RAW DATA below:

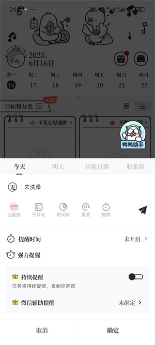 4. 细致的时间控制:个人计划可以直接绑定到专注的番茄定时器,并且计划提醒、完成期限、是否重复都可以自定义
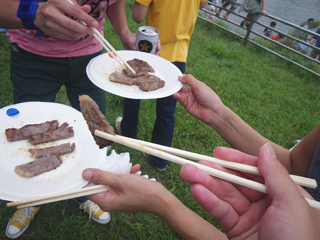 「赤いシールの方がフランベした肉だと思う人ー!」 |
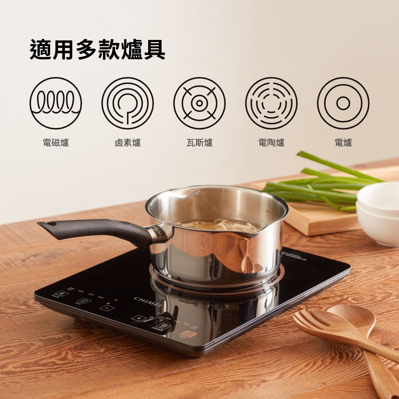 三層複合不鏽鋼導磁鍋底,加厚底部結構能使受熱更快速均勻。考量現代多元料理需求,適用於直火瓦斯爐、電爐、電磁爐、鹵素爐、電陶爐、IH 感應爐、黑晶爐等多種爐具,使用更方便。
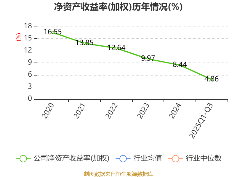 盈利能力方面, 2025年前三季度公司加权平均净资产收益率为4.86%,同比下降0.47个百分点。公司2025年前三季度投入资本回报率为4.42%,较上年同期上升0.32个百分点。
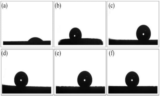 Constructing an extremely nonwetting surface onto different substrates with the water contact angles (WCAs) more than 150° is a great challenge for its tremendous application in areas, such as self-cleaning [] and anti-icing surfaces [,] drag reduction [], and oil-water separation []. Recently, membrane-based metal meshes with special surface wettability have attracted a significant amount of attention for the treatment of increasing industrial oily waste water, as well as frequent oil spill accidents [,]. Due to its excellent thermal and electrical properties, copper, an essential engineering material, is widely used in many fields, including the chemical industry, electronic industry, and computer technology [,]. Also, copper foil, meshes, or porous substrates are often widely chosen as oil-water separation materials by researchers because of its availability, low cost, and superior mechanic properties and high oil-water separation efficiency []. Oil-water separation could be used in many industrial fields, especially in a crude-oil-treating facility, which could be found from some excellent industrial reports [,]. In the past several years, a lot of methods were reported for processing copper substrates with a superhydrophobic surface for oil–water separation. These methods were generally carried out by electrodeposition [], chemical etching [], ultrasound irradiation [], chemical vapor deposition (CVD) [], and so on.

End of RAW DATA.
RAW DATA below:

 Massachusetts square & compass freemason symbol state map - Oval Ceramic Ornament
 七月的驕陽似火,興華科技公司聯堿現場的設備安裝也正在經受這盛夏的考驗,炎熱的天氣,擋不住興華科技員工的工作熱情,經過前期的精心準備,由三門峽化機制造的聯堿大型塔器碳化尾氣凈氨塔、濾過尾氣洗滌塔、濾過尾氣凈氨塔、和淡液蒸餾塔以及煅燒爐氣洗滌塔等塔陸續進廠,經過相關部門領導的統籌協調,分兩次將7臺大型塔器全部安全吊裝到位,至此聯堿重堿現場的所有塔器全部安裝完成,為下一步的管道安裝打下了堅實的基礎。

End of RAW DATA.

Precisely the lines between those holding "Massachusetts square &" and "七月的驕陽似火,興華科技公司", inclusive, are to be reproduced from the listing above, with nothing added.

 Massachusetts square & compass freemason symbol state map - Oval Ceramic Ornament
 七月的驕陽似火,興華科技公司聯堿現場的設備安裝也正在經受這盛夏的考驗,炎熱的天氣,擋不住興華科技員工的工作熱情,經過前期的精心準備,由三門峽化機制造的聯堿大型塔器碳化尾氣凈氨塔、濾過尾氣洗滌塔、濾過尾氣凈氨塔、和淡液蒸餾塔以及煅燒爐氣洗滌塔等塔陸續進廠,經過相關部門領導的統籌協調,分兩次將7臺大型塔器全部安全吊裝到位,至此聯堿重堿現場的所有塔器全部安裝完成,為下一步的管道安裝打下了堅實的基礎。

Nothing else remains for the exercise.